I have always taken pleasure in observing my surroundings. I like to observe the interdependent nature of things. Growing up, I was the one on the outside looking in. I only kept a few friends growing up and I preferred to keep to myself most of the time. I did, however, enjoy being around people. I liked to observe interactions between people and their environments. Each observation gave me a deeper insight into how we all interact with each other. As I grew older, my observations and analysis of people became more mature. I began to understand what makes people’s heads turn, how to appeal to people’s desires, and identify anomalies in behavior.
It wasn’t until my early 20s when I realized my passion for strategy. Strategy was much larger than simple observations of individual people. By studying strategy, I could observe the actions, plans, and goals of groups of people. By understanding strategy, I could influence people to achieve a common goal.

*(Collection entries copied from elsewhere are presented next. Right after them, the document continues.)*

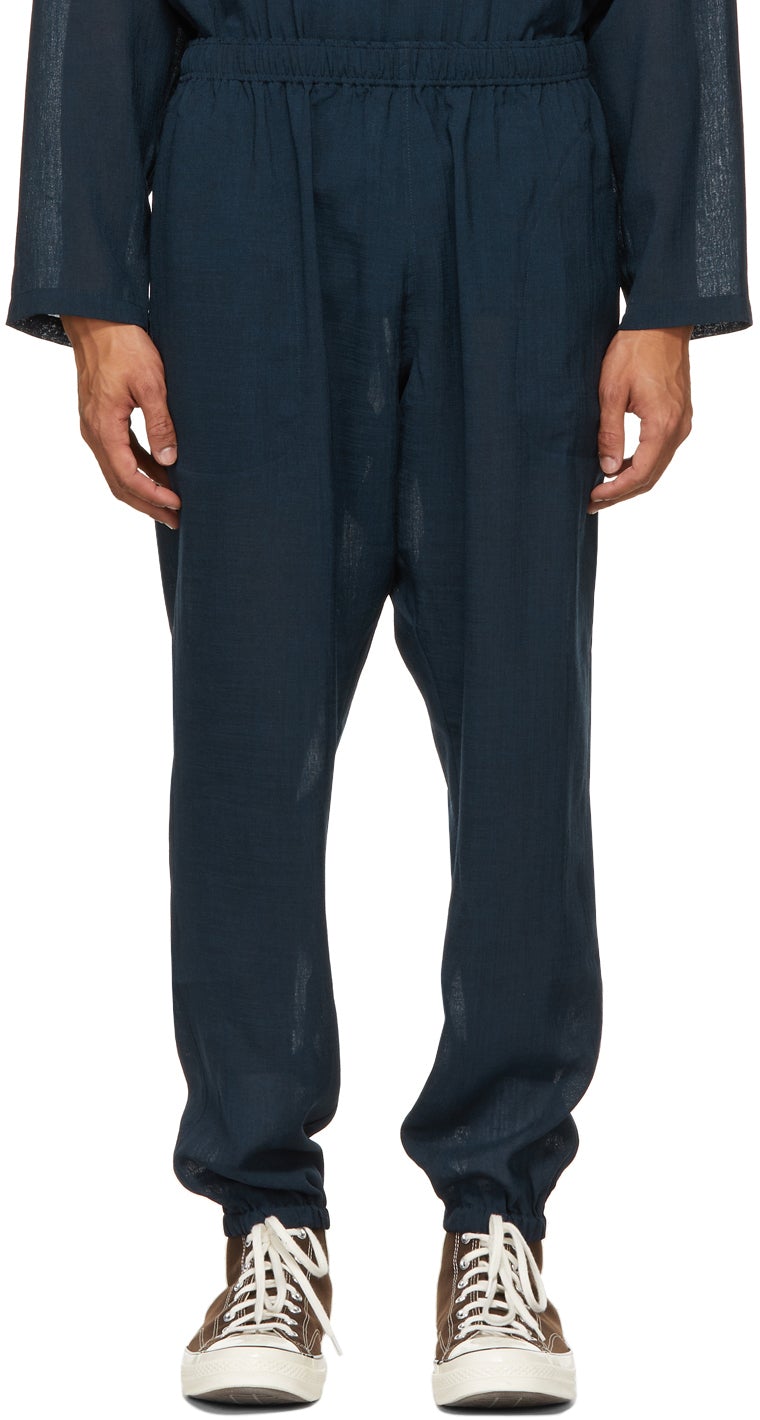 Tapered plain woven trousers in navy. Mid-rise. Two-pocket styling. Concealed drawstring at elasticized waistband. Elasticized cuffs. Supplier color: Navy 60% triacetate, 40% polyester. Brand: The Conspires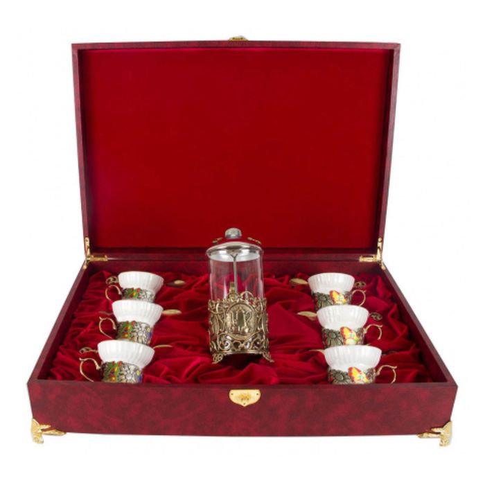 Набор из шести чашек с френч-прессом «Бабочки и цветы» в большой шкатулке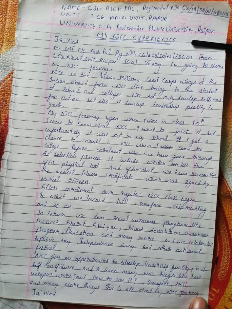 My Name is Cadet Alok Pal . My Regimental No. is CG/19/SD/N/686101.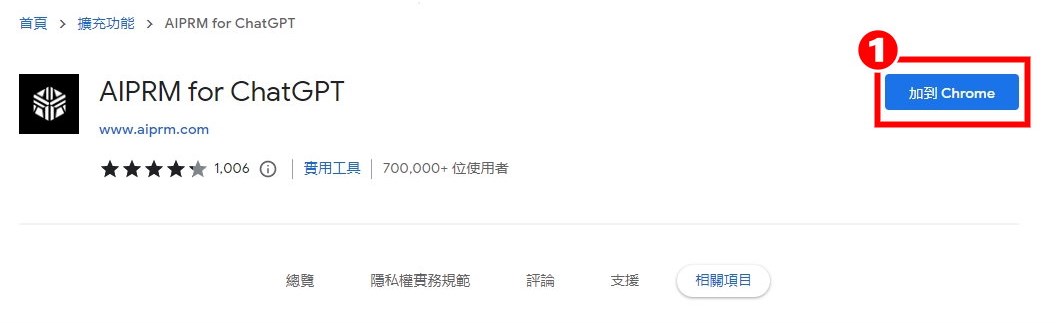 1.進到AIPRM擴充功能頁面,點選[加入Chrome]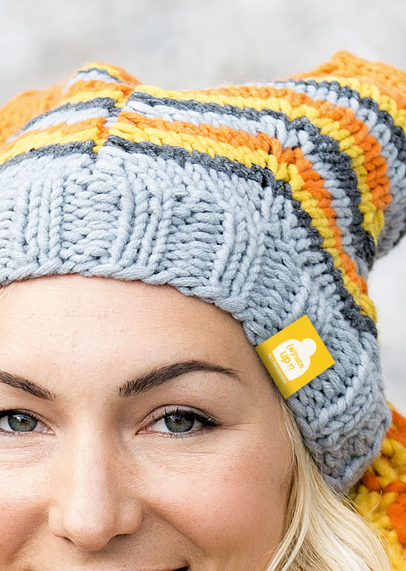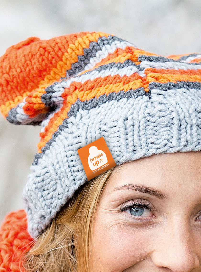 Lana Grossa Qualität „Mille II“ (50 % Schurwolle, 50 % Polyacryl, Laufl änge 55 m/50g): für Mütze A: je ca. 50 g Dunkelgrau meliert (Fb 16), Hellgrau (Fb 43), Orange (Fb 51) und Hummer (Fb 63), für Mütze B: je ca. 50 g Dunkelgrau meliert (Fb 16), Hellgrau (Fb 43), Curry (Fb 46) und Orange (Fb 51); Spielstricknadeln Nr. 6 und 7.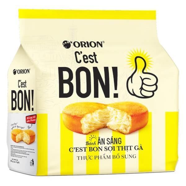 Bánh ăn sáng sợi thịt gà Orion C'est Bon là sự lựa chọn hoàn hảo cho bữa ăn sáng hàng ngày của cả nhà. Lớp bánh bông lan mềm mịn, béo thơm hoà quyện cùng những sợi thịt gà đậm đà sẽ giúp kích thích vị giác hiệu quả.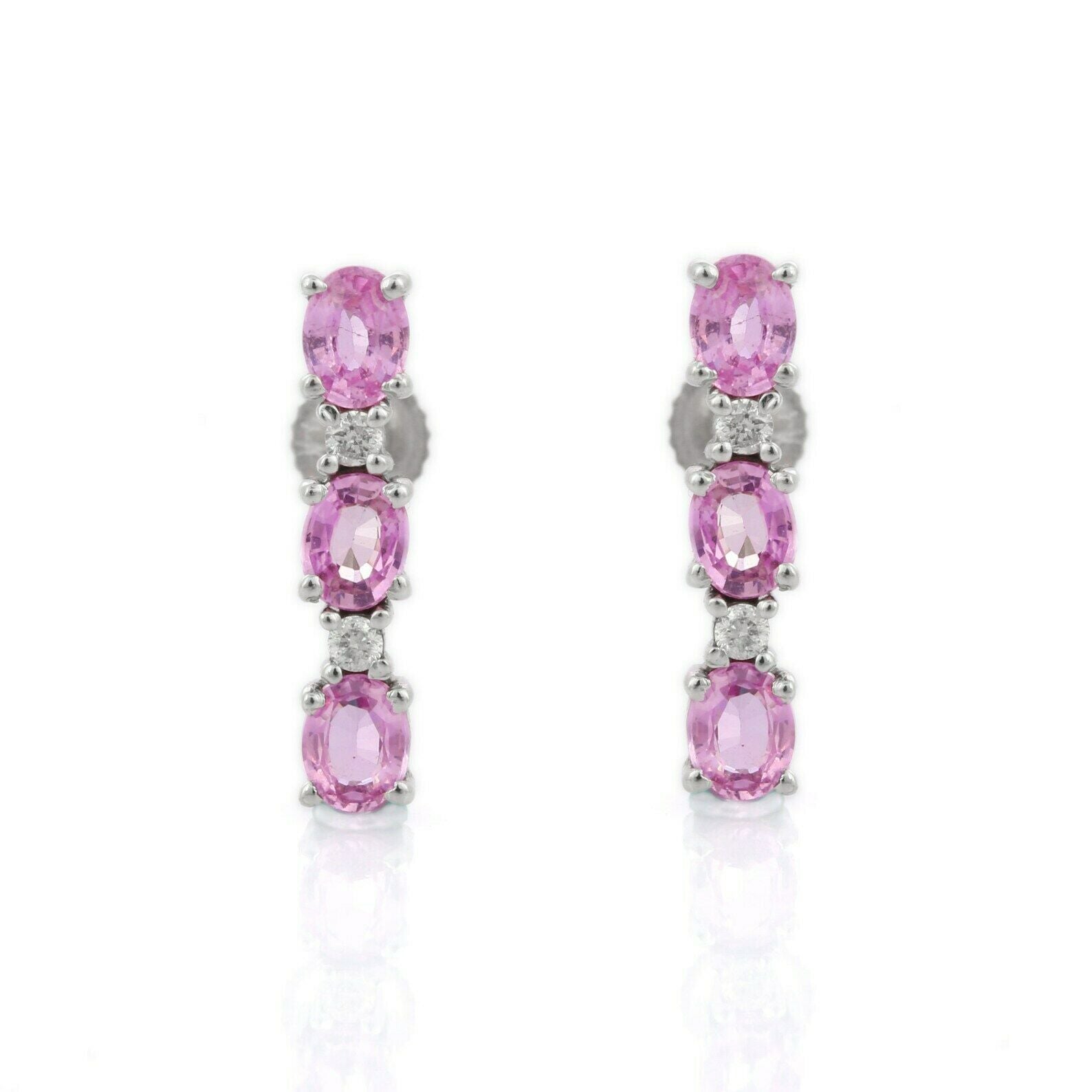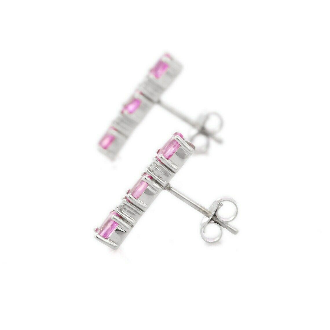 2.5ct Dangle Earrings Oval Cut Pink Sapphire Vertical Bar 14k White Gold Finish

Strategy is flexible, fluid, and ever changing. Sun Tzu or Sun Zi 孫子, describes this in Chapter 6: Weak Points and Strong Points. He describes war as water. “Water retains no constant shape, so in warfare there are no constant conditions.” Much like water and warfare, human conditions are never constant. Strategy is the balance of order and chaos.
During my academic years and throughout my military career, I came to understand this balance. In the midst of chaos the idiom “cooler heads prevail,” became truth. In any high stress situation, one must retain their composure so that the best decisions are made. This is true not only in warfare, but in finance, sports, politics, etc.
For the warrior or the soldier, the best example of this is marksmanship. In order for the marksman to hit their target, concentration and focus must be keen. In the storm of chaos, the marksman must achieve order. Likewise, a marksman cannot chaotically engage. The marksman will likely not hit the intended target if self control is lacking. This struggle between order and chaos is evident in the marksman, the marshal artist, the swordsman, or any other individual who is an expert in their craft.
Now that you have a basic understanding of the complexity of strategy, I welcome you to begin this journey. Together we will balance the subjective and the objective. We will get rid of what is false and develop what is true. We will set our egos aside and develop ourselves as masters of our craft.